Task objective: Among the entries below, which lines run from the line with "扉内寸:(約)幅(左)57(兆番内54)" through the line with "cause water clogging"? Retype those, both ends included, exactly and without pictures.

Material for this task:
***

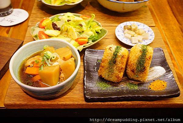 現烤手作雞腿肉飯糰套餐,NT 320元。有兩顆烤飯糰、生菜沙拉、漬菜跟馬鈴薯燉肉。
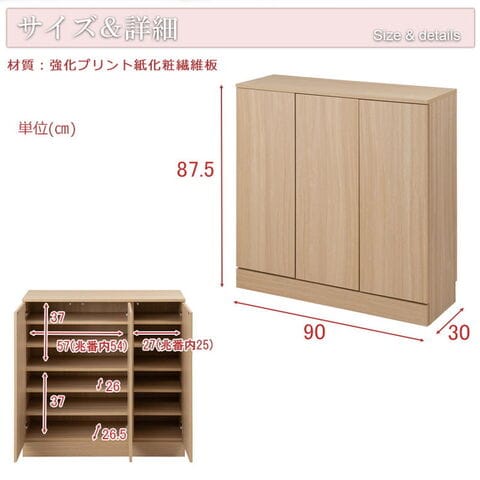扉内寸:(約)幅(左)57(兆番内54)(右)27(兆番内25)×奥行26.5(棚板26)×高さ37(固定棚挟み上下共通)cm
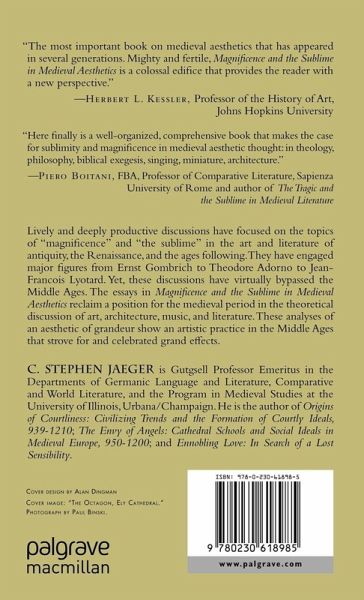 Lively and deeply productive discussions have focused on the topics of "magnificence" and "the sublime" in the art and literature of antiquity, the Renaissance, and the ages following. They have engaged major figures from Ernst Gombrich to Theodore Adorno to Jean-Francois Lyotard. Yet, these discussions have virtually bypassed the Middle Ages. The essays in "Magnificence and the Sublime in Medieval Aesthetics" reclaim a position for the medieval period in the theoretical discussion of art, architecture, music, and literature. These analyses of an aesthetic of grandeur show an artistic practice in the Middle Ages that strove for and celebrated grand effects.
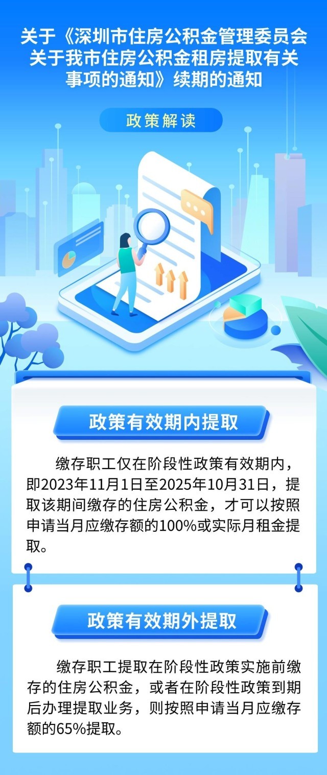 据深圳市住房公积金管理中心消息,为继续支持缴存职工提取住房公积金用于租赁住房,住房公积金租房提取阶段性政策将续期一年,有效期延长至2025年10月31日。
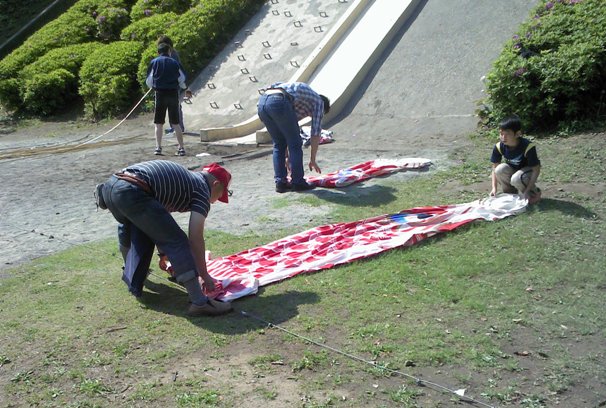 5月6日(月) (座間市かにが沢公園) ゴールデンウィーク最終日、 地元の公園に掲げれらた27匹の大きな「鯉のぼり」を地元のボランティアや こどもたちと撤収いたしました。また来年大空を泳ぐために背の順に整頓され箱に入れて眠りにつきました。
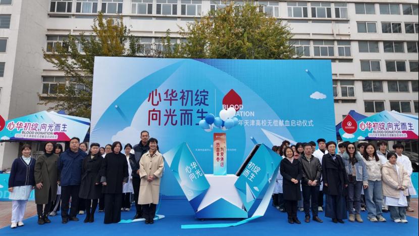 伴隨全場師生的倒計時,參加活動的領導共同拉動啟動繩,氣球攜著希望升空,橫幅展開青春誓言,2025年天津高校無償獻血活動正式啟動。
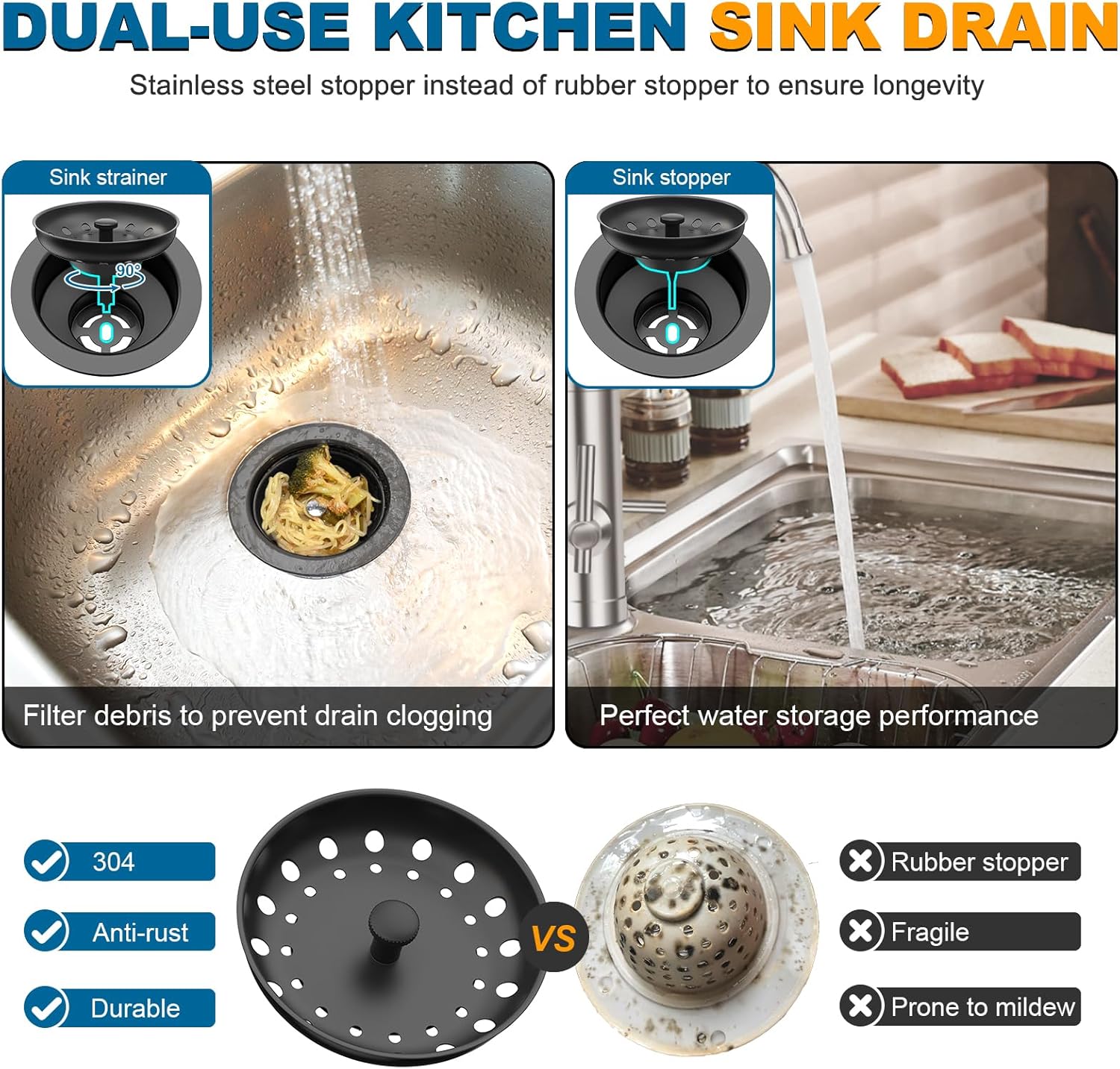 • EFFECTIVE STRAINER -- The removable strainer basket features double rows of drainage holes to capture debris during draining. The kitchen sink drain can effectively prevent food debris or trinkets from entering the sink drain to cause water clogging
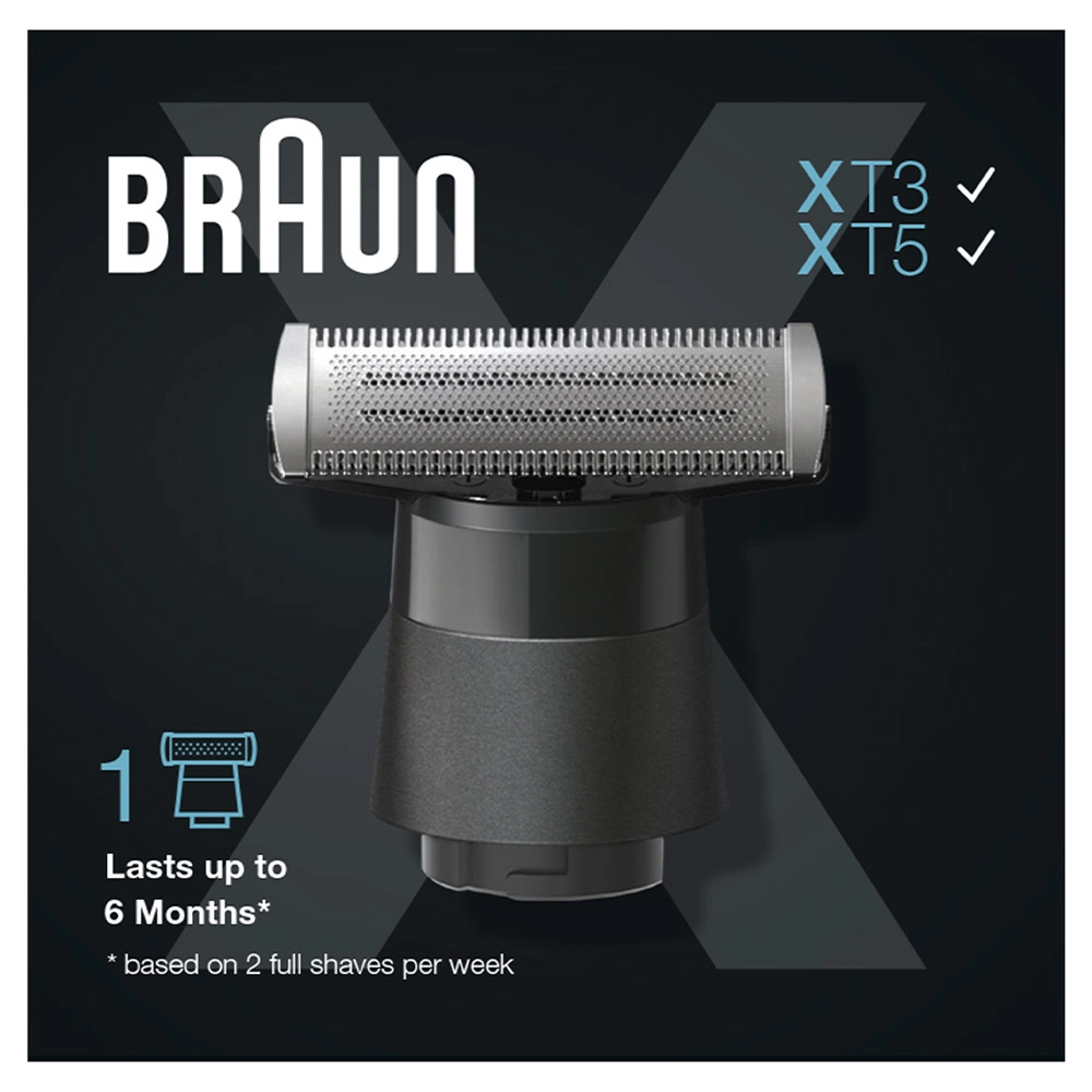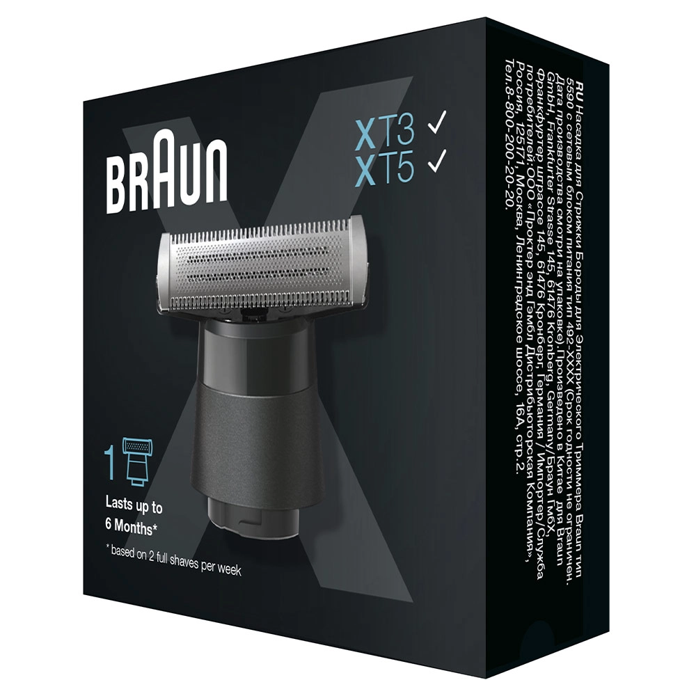 4D-лезвие имеет длительный срок службы, оставаясь острым до 6 месяцев*. Прибор оснащен двухсторонним гребнем, позволяющим легко и быстро подравнивать волосы движениями вверх или вниз. А благодаря 100%-ной водонепроницаемости Braun Series XT5 можно использовать любым способом и в любом месте — с пеной или гелем, над раковиной или в душе.

***

Task result:
扉内寸:(約)幅(左)57(兆番内54)(右)27(兆番内25)×奥行26.5(棚板26)×高さ37(固定棚挟み上下共通)cm
 Lively and deeply productive discussions have focused on the topics of "magnificence" and "the sublime" in the art and literature of antiquity, the Renaissance, and the ages following. They have engaged major figures from Ernst Gombrich to Theodore Adorno to Jean-Francois Lyotard. Yet, these discussions have virtually bypassed the Middle Ages. The essays in "Magnificence and the Sublime in Medieval Aesthetics" reclaim a position for the medieval period in the theoretical discussion of art, architecture, music, and literature. These analyses of an aesthetic of grandeur show an artistic practice in the Middle Ages that strove for and celebrated grand effects.
 据深圳市住房公积金管理中心消息,为继续支持缴存职工提取住房公积金用于租赁住房,住房公积金租房提取阶段性政策将续期一年,有效期延长至2025年10月31日。
 5月6日(月) (座間市かにが沢公園) ゴールデンウィーク最終日、 地元の公園に掲げれらた27匹の大きな「鯉のぼり」を地元のボランティアや こどもたちと撤収いたしました。また来年大空を泳ぐために背の順に整頓され箱に入れて眠りにつきました。
 伴隨全場師生的倒計時,參加活動的領導共同拉動啟動繩,氣球攜著希望升空,橫幅展開青春誓言,2025年天津高校無償獻血活動正式啟動。
 • EFFECTIVE STRAINER -- The removable strainer basket features double rows of drainage holes to capture debris during draining. The kitchen sink drain can effectively prevent food debris or trinkets from entering the sink drain to cause water clogging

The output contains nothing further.